··· Data below ···

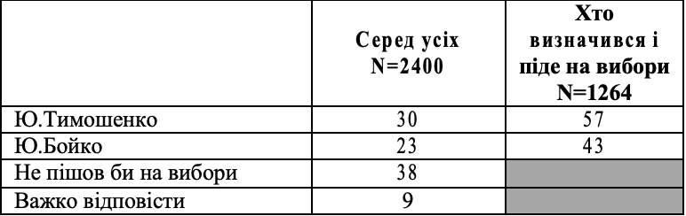 Якби Ю.Бойко зустрівся у другому турі з Ю.Тимошенко, %
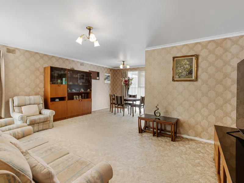 Inside, a spacious lounge and adjoining dining area provide an inviting setting for everyday living and entertaining, while the well-kept kitchen features a breakfast bar and pleasant garden outlook.
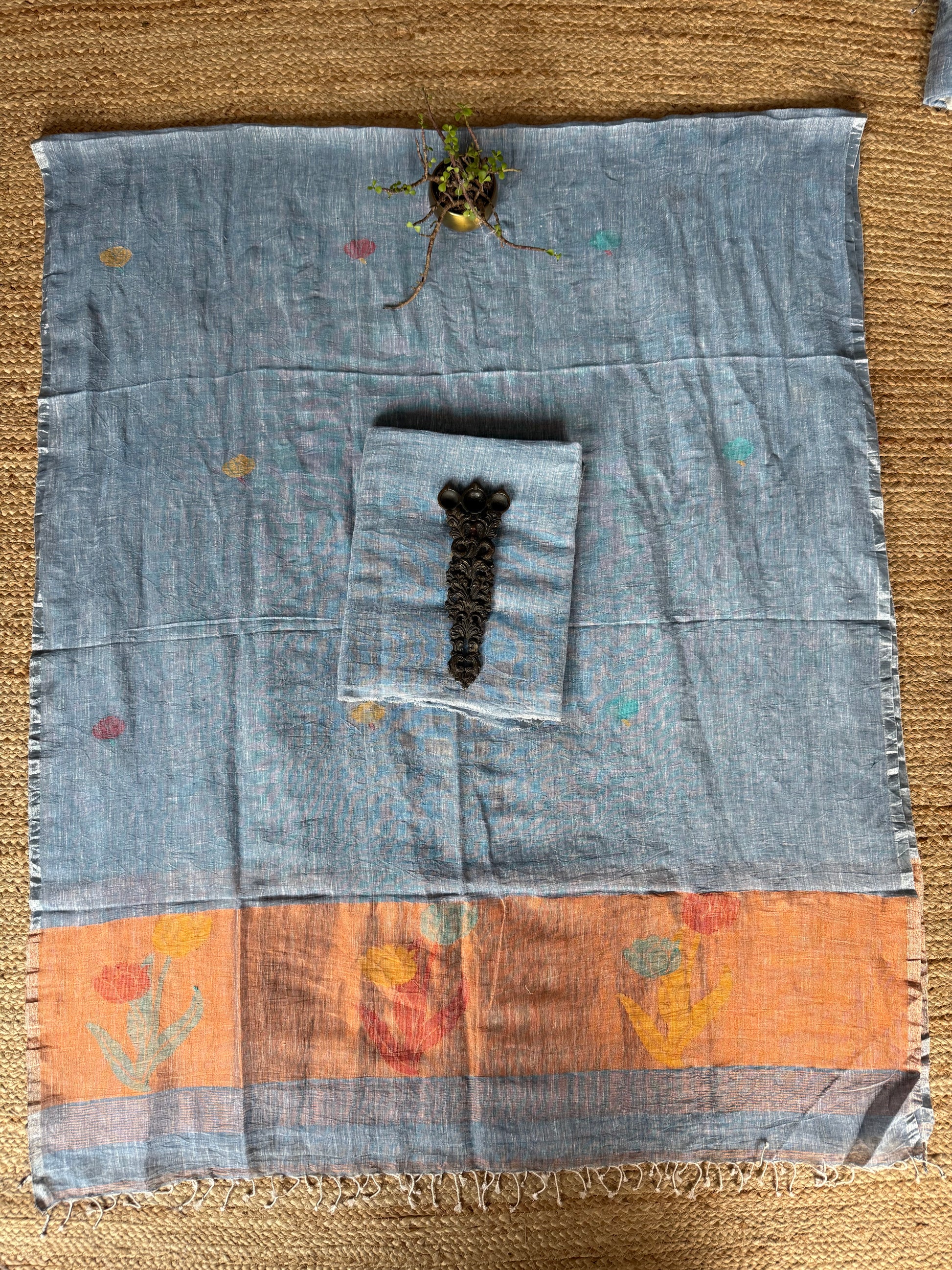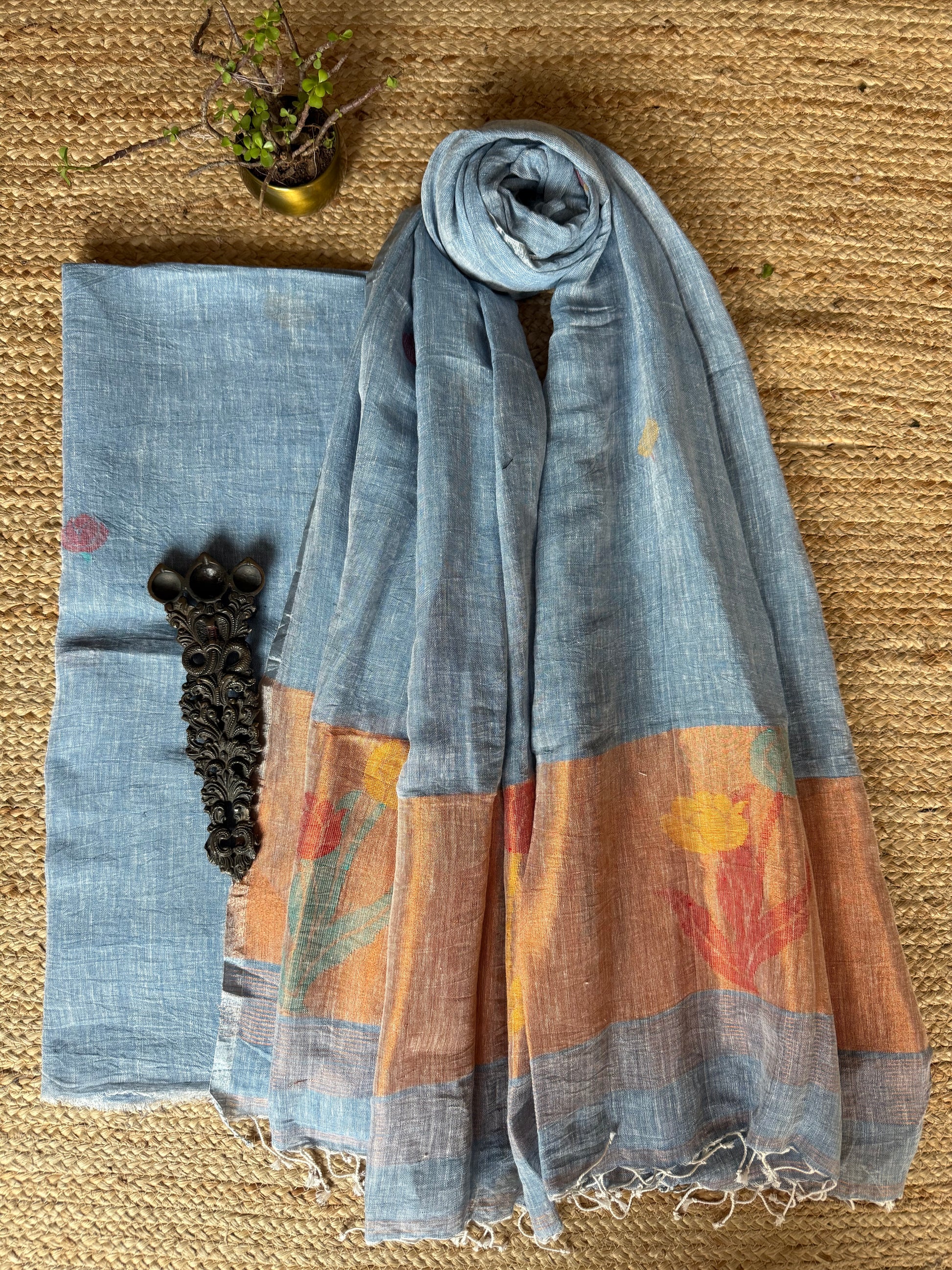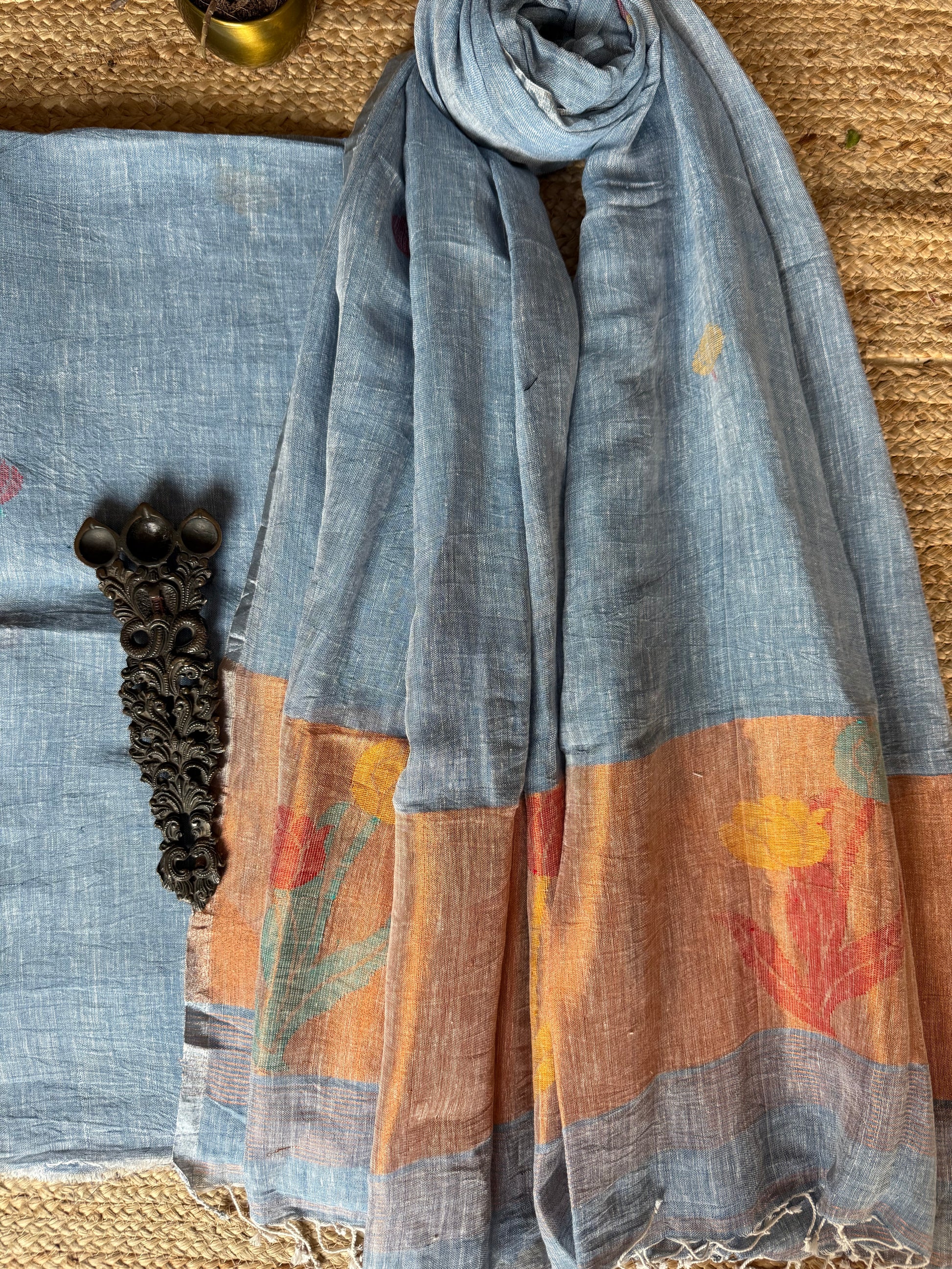SAPPHIRE BLUE JAMDANI WOVEN LINEN  KURTA SET WITH HAND EMBROIDERY JAMDANI DUPATTA

···

What you should do
The material above must be set down word for word, with no picture carried over.

Exercise response
 Якби Ю.Бойко зустрівся у другому турі з Ю.Тимошенко, %
 Inside, a spacious lounge and adjoining dining area provide an inviting setting for everyday living and entertaining, while the well-kept kitchen features a breakfast bar and pleasant garden outlook.
SAPPHIRE BLUE JAMDANI WOVEN LINEN  KURTA SET WITH HAND EMBROIDERY JAMDANI DUPATTA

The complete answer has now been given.